WHAT IS NEEDED = From the entries below, write out exactly the lines between the line holding "A Stocky woman, in" and the line holding "Самый плохой показатель", inclusive, excluding any pictures.

STORED DATA =

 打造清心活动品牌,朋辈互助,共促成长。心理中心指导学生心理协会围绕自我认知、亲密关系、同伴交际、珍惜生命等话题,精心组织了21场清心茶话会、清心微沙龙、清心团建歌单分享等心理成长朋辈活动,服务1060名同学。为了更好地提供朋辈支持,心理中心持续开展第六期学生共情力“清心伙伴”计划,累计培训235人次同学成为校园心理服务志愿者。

* * *

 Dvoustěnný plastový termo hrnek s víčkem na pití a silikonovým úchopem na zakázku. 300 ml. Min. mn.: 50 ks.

==

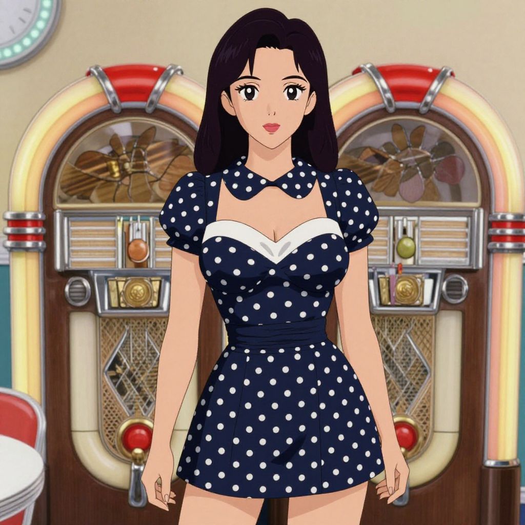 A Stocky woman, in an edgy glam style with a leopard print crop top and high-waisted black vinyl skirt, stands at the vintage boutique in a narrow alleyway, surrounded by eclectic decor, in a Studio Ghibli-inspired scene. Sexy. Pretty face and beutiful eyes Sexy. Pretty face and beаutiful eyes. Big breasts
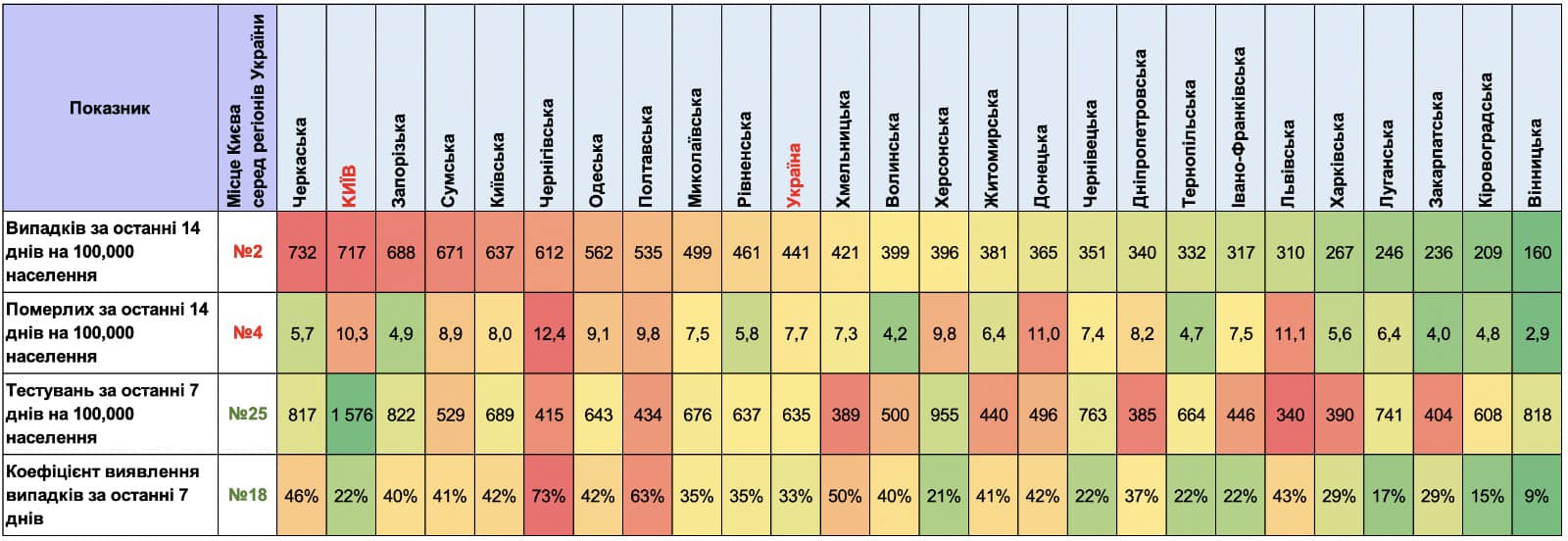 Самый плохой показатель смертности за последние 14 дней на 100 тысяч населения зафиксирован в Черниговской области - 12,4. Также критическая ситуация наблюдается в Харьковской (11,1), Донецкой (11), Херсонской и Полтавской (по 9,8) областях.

YOUR RESPONSE =
 A Stocky woman, in an edgy glam style with a leopard print crop top and high-waisted black vinyl skirt, stands at the vintage boutique in a narrow alleyway, surrounded by eclectic decor, in a Studio Ghibli-inspired scene. Sexy. Pretty face and beutiful eyes Sexy. Pretty face and beаutiful eyes. Big breasts
 Самый плохой показатель смертности за последние 14 дней на 100 тысяч населения зафиксирован в Черниговской области - 12,4. Также критическая ситуация наблюдается в Харьковской (11,1), Донецкой (11), Херсонской и Полтавской (по 9,8) областях.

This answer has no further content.